---------- SOURCE RECORDS ----------

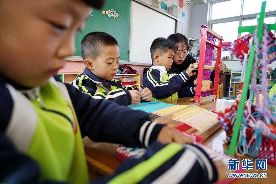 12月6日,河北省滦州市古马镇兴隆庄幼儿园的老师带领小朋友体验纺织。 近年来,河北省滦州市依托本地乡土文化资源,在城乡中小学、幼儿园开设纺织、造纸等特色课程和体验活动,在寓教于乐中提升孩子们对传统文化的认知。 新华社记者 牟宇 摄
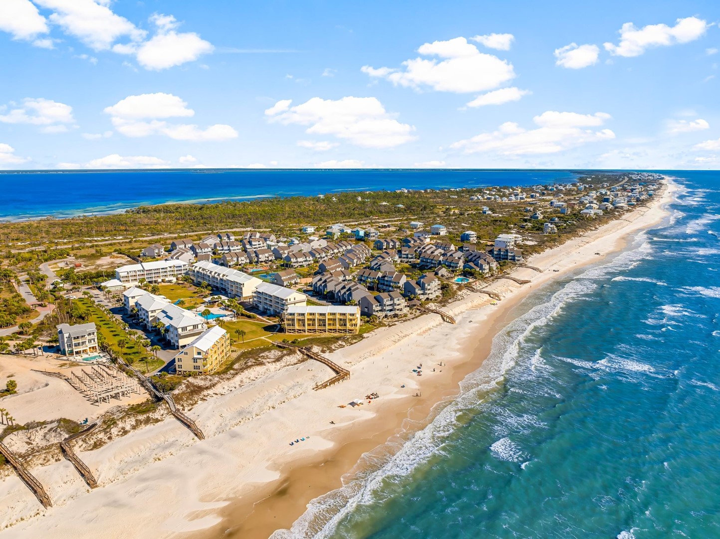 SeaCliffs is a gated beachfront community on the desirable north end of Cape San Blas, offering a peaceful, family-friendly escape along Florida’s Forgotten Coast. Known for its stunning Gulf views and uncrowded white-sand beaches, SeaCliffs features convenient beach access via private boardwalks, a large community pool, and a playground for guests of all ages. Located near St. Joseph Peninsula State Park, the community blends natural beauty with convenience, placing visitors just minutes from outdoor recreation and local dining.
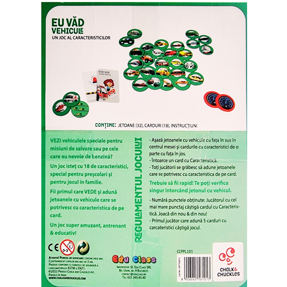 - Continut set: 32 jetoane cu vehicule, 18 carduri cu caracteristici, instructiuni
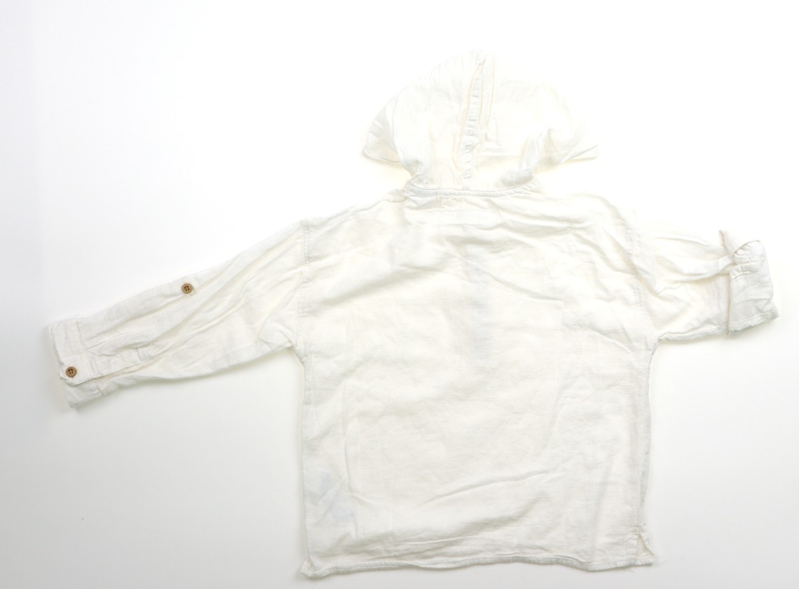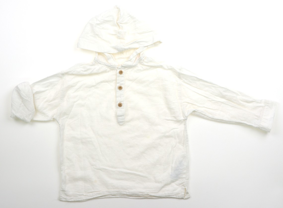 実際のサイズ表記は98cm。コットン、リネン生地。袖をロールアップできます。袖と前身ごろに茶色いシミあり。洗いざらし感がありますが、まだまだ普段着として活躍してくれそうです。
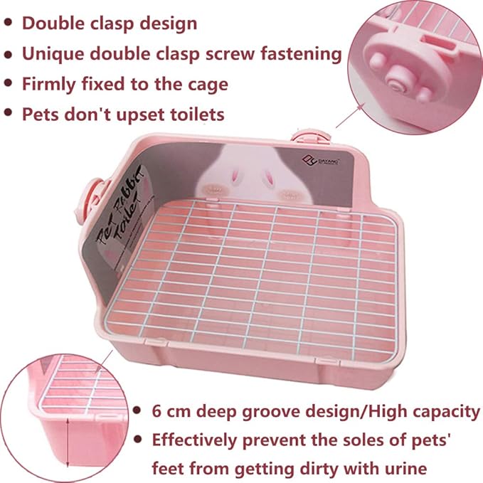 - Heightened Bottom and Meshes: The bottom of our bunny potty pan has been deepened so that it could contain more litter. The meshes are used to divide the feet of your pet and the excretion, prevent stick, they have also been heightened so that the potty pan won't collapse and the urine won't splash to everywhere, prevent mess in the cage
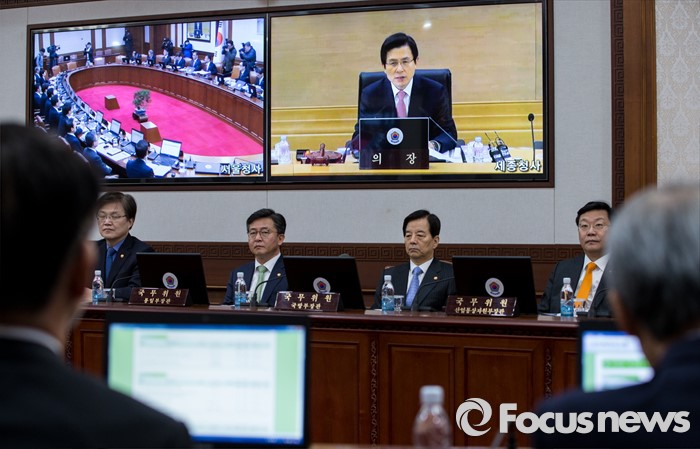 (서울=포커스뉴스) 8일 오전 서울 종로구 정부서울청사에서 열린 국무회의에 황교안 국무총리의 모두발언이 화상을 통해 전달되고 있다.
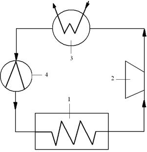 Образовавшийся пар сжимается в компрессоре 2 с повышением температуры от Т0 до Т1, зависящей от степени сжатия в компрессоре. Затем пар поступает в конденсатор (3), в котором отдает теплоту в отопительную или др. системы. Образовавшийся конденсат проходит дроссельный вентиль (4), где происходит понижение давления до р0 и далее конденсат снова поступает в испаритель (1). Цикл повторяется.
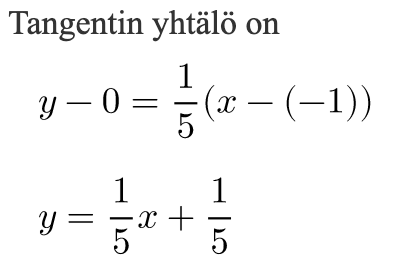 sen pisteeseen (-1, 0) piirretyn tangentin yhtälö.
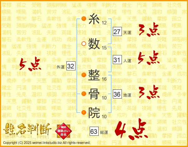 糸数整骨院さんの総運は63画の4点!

----------

WHAT YOU HAVE TO DO:
Would you set down the entries exactly as given, minus their pictures?

FINISHED TASK:
 12月6日,河北省滦州市古马镇兴隆庄幼儿园的老师带领小朋友体验纺织。 近年来,河北省滦州市依托本地乡土文化资源,在城乡中小学、幼儿园开设纺织、造纸等特色课程和体验活动,在寓教于乐中提升孩子们对传统文化的认知。 新华社记者 牟宇 摄
 SeaCliffs is a gated beachfront community on the desirable north end of Cape San Blas, offering a peaceful, family-friendly escape along Florida’s Forgotten Coast. Known for its stunning Gulf views and uncrowded white-sand beaches, SeaCliffs features convenient beach access via private boardwalks, a large community pool, and a playground for guests of all ages. Located near St. Joseph Peninsula State Park, the community blends natural beauty with convenience, placing visitors just minutes from outdoor recreation and local dining.
 - Continut set: 32 jetoane cu vehicule, 18 carduri cu caracteristici, instructiuni
 実際のサイズ表記は98cm。コットン、リネン生地。袖をロールアップできます。袖と前身ごろに茶色いシミあり。洗いざらし感がありますが、まだまだ普段着として活躍してくれそうです。
 - Heightened Bottom and Meshes: The bottom of our bunny potty pan has been deepened so that it could contain more litter. The meshes are used to divide the feet of your pet and the excretion, prevent stick, they have also been heightened so that the potty pan won't collapse and the urine won't splash to everywhere, prevent mess in the cage
 (서울=포커스뉴스) 8일 오전 서울 종로구 정부서울청사에서 열린 국무회의에 황교안 국무총리의 모두발언이 화상을 통해 전달되고 있다.
 Образовавшийся пар сжимается в компрессоре 2 с повышением температуры от Т0 до Т1, зависящей от степени сжатия в компрессоре. Затем пар поступает в конденсатор (3), в котором отдает теплоту в отопительную или др. системы. Образовавшийся конденсат проходит дроссельный вентиль (4), где происходит понижение давления до р0 и далее конденсат снова поступает в испаритель (1). Цикл повторяется.
 sen pisteeseen (-1, 0) piirretyn tangentin yhtälö.
 糸数整骨院さんの総運は63画の4点!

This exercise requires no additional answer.